Task to complete
Locate the line bearing "在场时,使所有己方英雄被杀意感染,每回合开始时获得5/10/15点怒气。" in the material below, then reproduce it and each following line up to and including the line bearing "The Talbott bath".

====== Records for processing

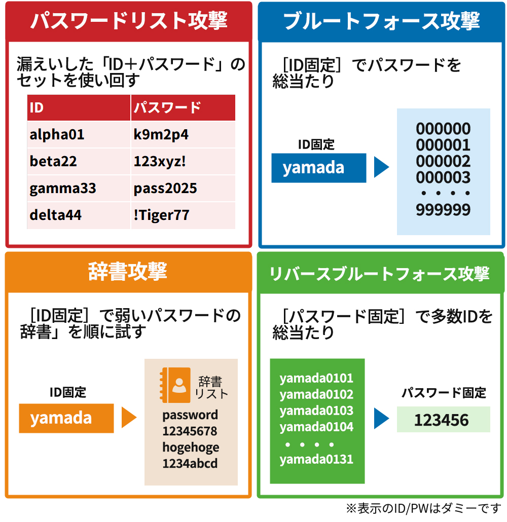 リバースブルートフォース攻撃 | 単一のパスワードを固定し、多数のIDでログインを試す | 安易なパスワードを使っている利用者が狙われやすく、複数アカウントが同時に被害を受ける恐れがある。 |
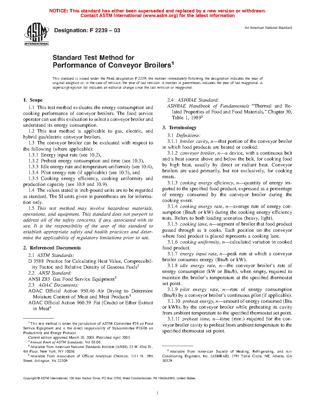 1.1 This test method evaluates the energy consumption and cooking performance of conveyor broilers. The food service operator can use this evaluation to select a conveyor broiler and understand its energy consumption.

============
====== Records for processing

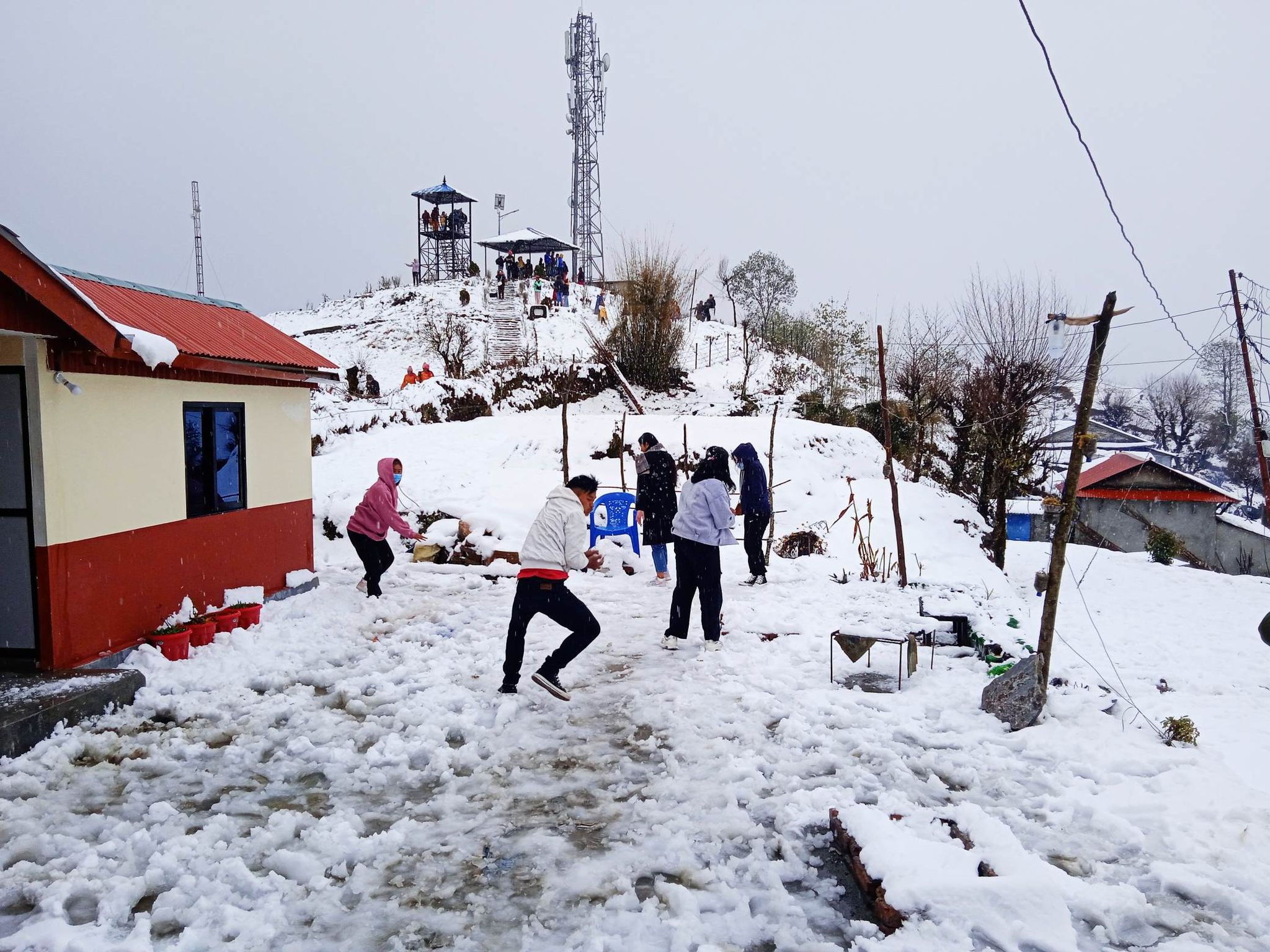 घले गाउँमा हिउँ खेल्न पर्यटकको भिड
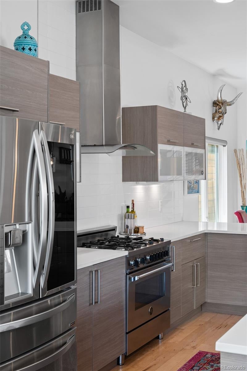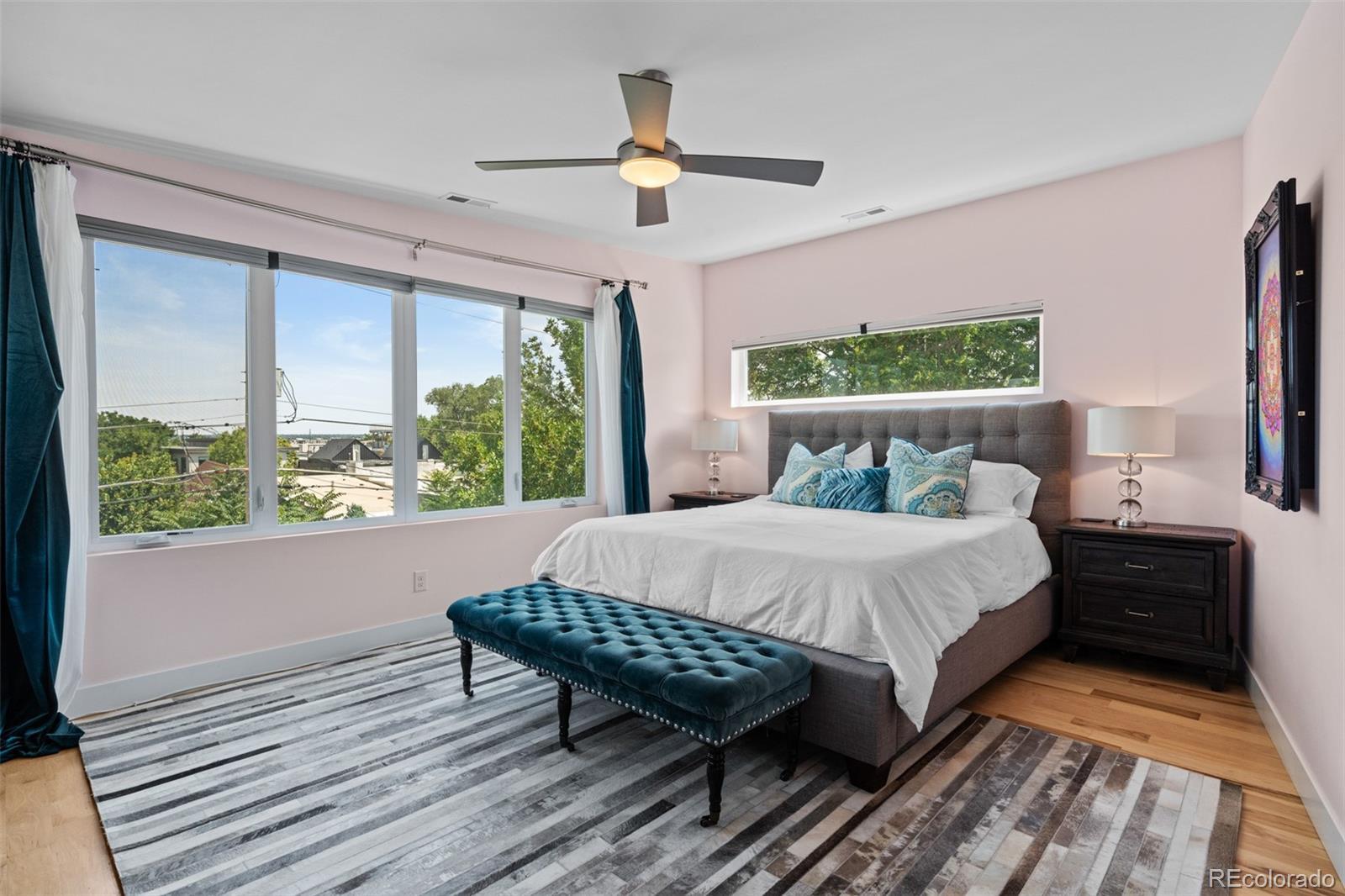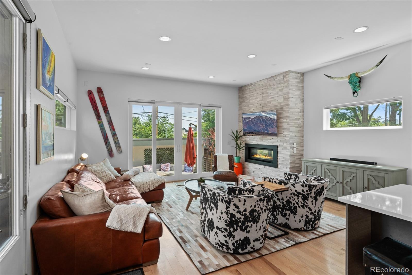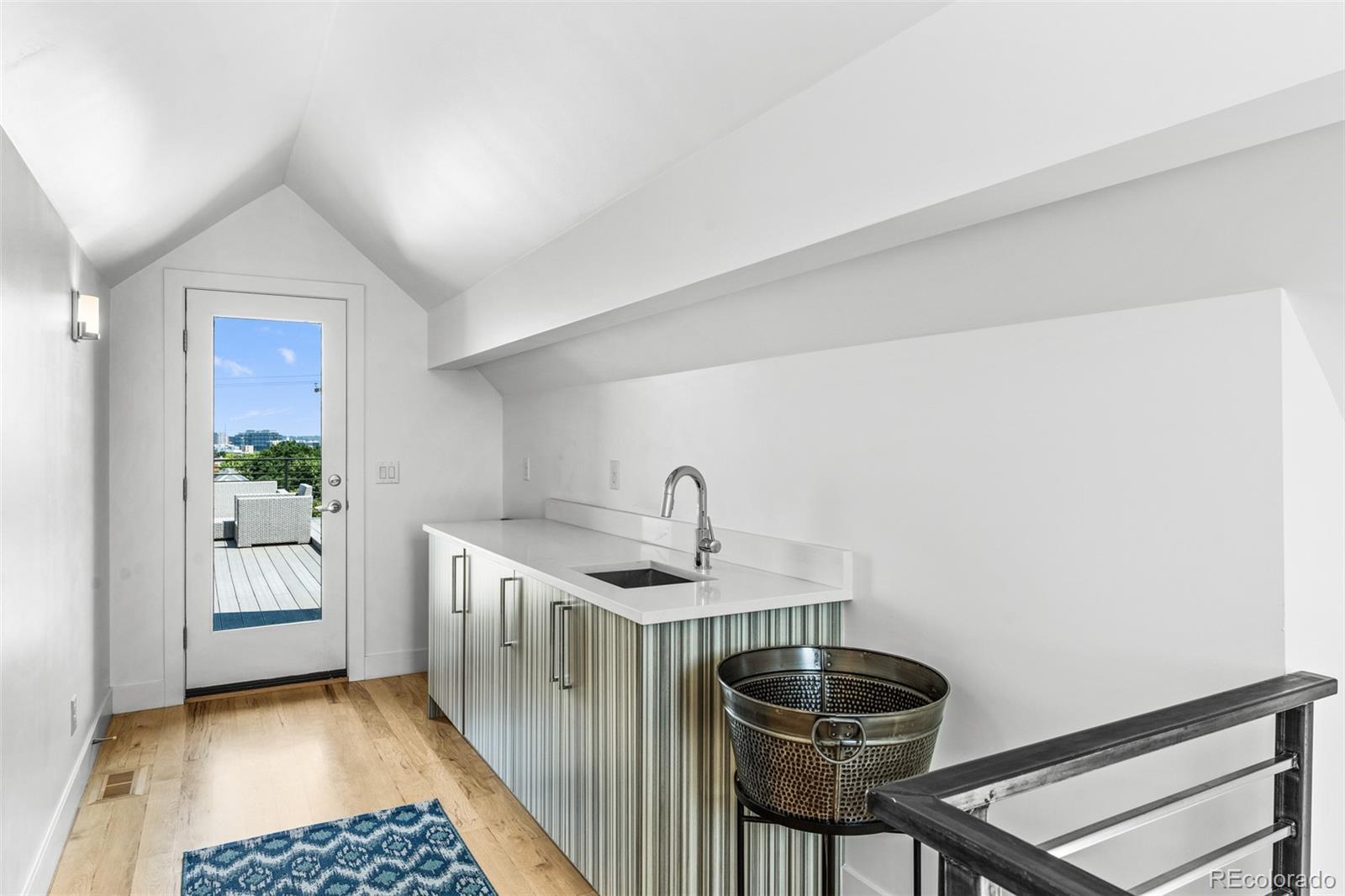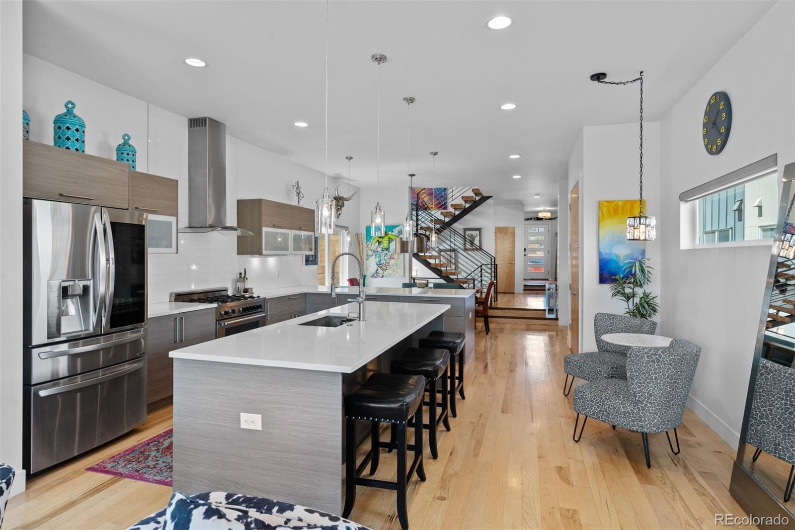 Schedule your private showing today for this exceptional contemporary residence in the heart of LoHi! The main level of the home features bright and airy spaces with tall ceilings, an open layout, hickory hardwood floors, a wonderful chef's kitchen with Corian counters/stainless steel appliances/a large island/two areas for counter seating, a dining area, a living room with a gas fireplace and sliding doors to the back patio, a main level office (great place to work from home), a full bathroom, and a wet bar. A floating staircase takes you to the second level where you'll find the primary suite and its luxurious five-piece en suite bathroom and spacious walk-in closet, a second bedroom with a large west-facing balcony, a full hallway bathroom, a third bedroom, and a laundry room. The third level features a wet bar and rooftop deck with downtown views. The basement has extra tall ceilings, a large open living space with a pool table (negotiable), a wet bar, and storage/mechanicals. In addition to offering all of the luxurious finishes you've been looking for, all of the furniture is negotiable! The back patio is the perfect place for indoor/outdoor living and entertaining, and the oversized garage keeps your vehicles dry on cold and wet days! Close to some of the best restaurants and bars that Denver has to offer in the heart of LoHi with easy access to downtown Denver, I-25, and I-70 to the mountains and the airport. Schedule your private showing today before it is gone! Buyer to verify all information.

============
====== Records for processing

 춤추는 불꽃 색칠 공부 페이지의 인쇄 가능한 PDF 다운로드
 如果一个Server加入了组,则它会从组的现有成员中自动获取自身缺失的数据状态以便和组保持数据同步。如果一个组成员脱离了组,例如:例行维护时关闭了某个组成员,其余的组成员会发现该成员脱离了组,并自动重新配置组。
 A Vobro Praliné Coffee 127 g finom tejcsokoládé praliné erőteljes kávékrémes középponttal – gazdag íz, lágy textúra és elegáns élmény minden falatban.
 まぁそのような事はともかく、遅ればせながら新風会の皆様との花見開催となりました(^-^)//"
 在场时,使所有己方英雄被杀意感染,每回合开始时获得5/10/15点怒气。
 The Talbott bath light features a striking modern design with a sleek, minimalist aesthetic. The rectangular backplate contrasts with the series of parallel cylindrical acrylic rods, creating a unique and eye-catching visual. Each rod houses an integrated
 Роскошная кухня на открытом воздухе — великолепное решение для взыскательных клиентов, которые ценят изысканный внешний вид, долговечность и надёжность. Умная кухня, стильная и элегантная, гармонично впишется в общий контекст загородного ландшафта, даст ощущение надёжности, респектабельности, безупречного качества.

============

Answer for the task
 在场时,使所有己方英雄被杀意感染,每回合开始时获得5/10/15点怒气。
 The Talbott bath light features a striking modern design with a sleek, minimalist aesthetic. The rectangular backplate contrasts with the series of parallel cylindrical acrylic rods, creating a unique and eye-catching visual. Each rod houses an integrated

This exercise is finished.